Tuesday, July 5, 2016

Review: Jaka's Story

Jaka's Story Jaka's Story by Dave Sim
My rating: 3 of 5 stars

After 2500 or so pages of Cerebus the Aardvark (this is the fifth compendium of the strip), most of which I have read in the fifteen minutes before falling asleep, a lot of this still feels like a dream. I’m not entirely sure how to make sense of it, and I’m not always sure why I’m still reading, but there is something that does pull me back.

It seems strange when I pull myself out of the book and reflect on it – though it hardly seems strange when I’m reading so many other strange things inside the covers – but Cerebus is only a minor character here. After he turns over the expectations of what it means to be a great warrior in volume one, after he mocks “High Society” in volume two, and after he ascends to a kind of pope with both religious and political power in volumes three and four, he kind of chills out here as the love of his life, Jaka, processes her childhood disappointments and deals with her marriage to a likeable slacker husband. And as she dances, dances like no one else in this whole vast kingdom.

So I can’t even classify this as a love story or a political allegory or even a parody of what comics are supposed to be. Maybe Cerebus started out as that, but Sim follows so many tangents along the way that it isn’t possible to know what he’s intending once things go along. How do you make sense of the fact that Jaka’s uncle, Emperor Julius, is modeled directly on Groucho Marx (down to extraordinarily Groucho-like banter)? Or that the older man who tries to entice Jaka’s husband away from her is Oscar Wilde? Or what about the tavern owner who employs Jaka and, while saying almost nothing, keeps an extensive journal of his sexual fantasies about her? As I say, it all seems dream-like, but in the middle of it you don’t quite stop for questions.

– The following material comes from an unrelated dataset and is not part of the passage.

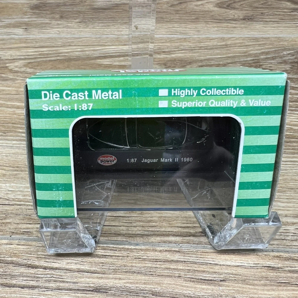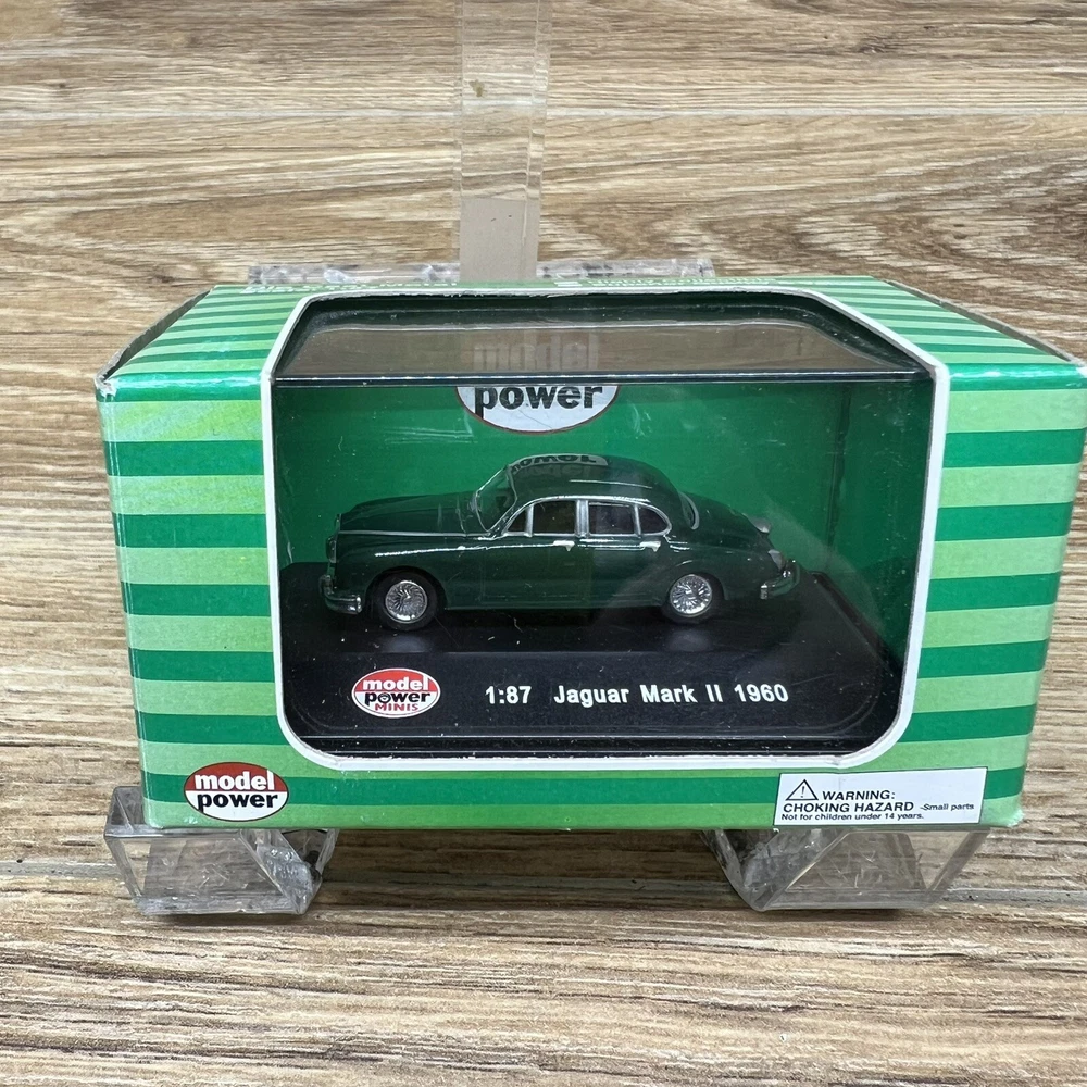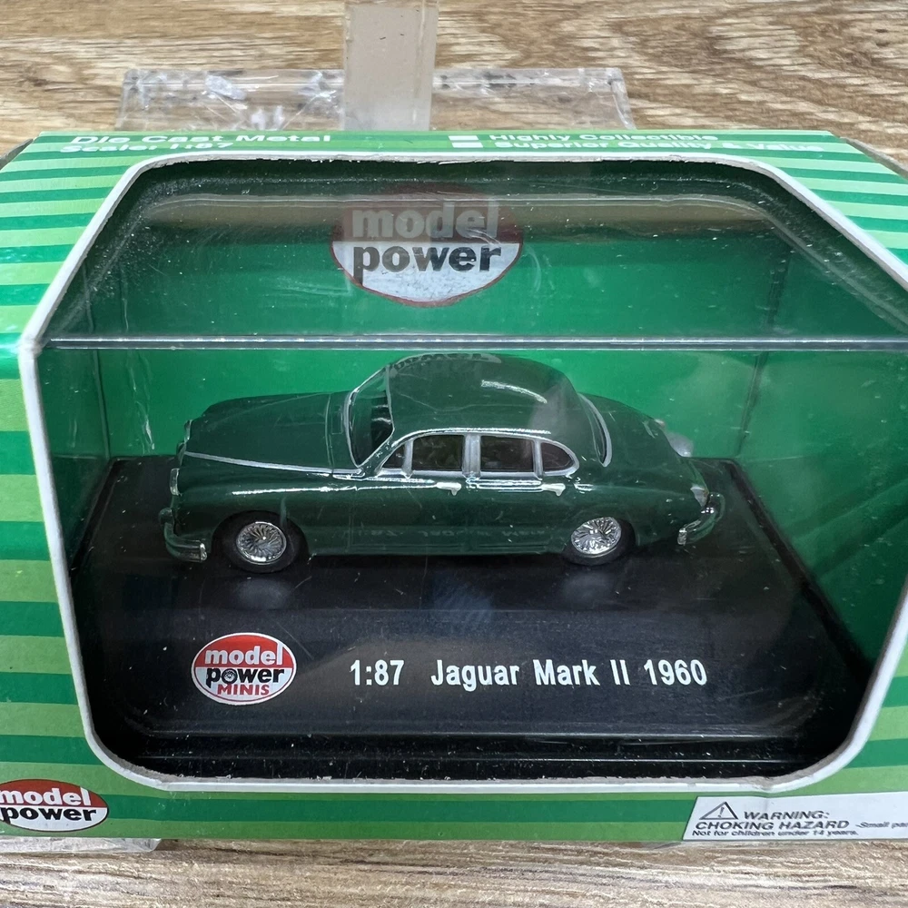 The product is a Model Power Minis diecast replica of a 1960 Jaguar Mark II in 1:87 scale. This detailed miniature car belongs to the Jaguar vehicle make and is part of the Minis collection by Model Power. The model number for this particular item is 19440, capturing the classic design of the iconic Jaguar Mark II in a smaller scale for collectors or enthusiasts of diecast vehicles.
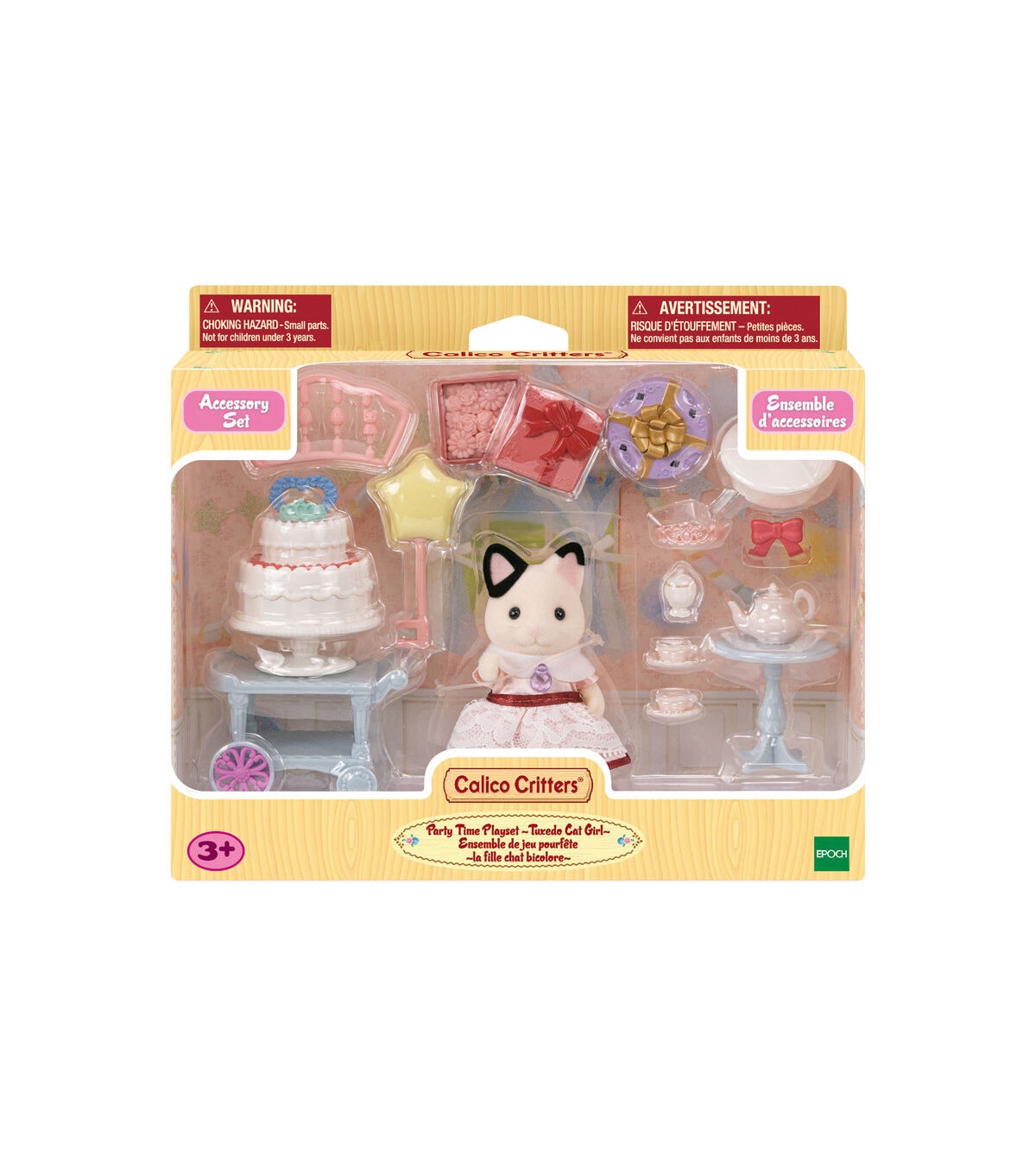 - Ready to play set includes poseable Tuxedo Cat girl figure dressed in removeable clothing and 27 accessories to throw a fabulous birthday party in Calico Village!

I’m not even sure you can classify this as a story of any sort. Things happen, but Sim has a strange way of setting conflicts up – the tavern owner’s fixation on Jaka, Oscar’s plans for Jaka’s husband, Jaka’s childhood antagonism with her nursemaid – and then seeming to tire of them. If we get the end to a thread of story, it comes quickly, sometimes with someone dispatched by an arrow virtually out of the blue, and then we’re onto something else. I don’t say that as complaint, just observation. Whatever Sim is doing here, he’s writing brand new rules.

Underlying all of this are the often haunting illustrations. Because he originally self-published these books – and because Gerhard come along somewhere in there to draw beautiful backgrounds – the canvas is huge. This volume, like the others, is 500 pages, and some of them are wordless, cinematic repetition of pictures. At times it feels almost like a film, with Sim like a director taking us where he wants for as long as he wants us there.

The one complaint I do have is that this volume in particular has too much text, and it’s often rendered in almost unreadable letters. Large parts of this are in 8-point font; it feels like an artistic choice that I might respect, but it’s also a pain. With my aging eyes, I had to skip parts, and I never knew how relevant some of it was. I got the impression I was supposed to skip a great deal of it – to note it was there and then move on – but I couldn’t help getting frustrated as well. Why not make it easier to read? Why not excerpt these long prose pieces with at least some of the skilled economy of the graphic novel parts?

If you’re thinking of getting on the Cerebus train, I urge you to start with the first volume, which is more coherent and more clearly a conventional story. If you make it all the way to this station, I’d love to hear your thoughts. I’ve declared myself finished with Cerebus before this, but something in its weird and idiosyncratic view of the world has brought me back. I have no immediate plans for the next one, but I can’t help wondering where Sim takes his strange little hero next.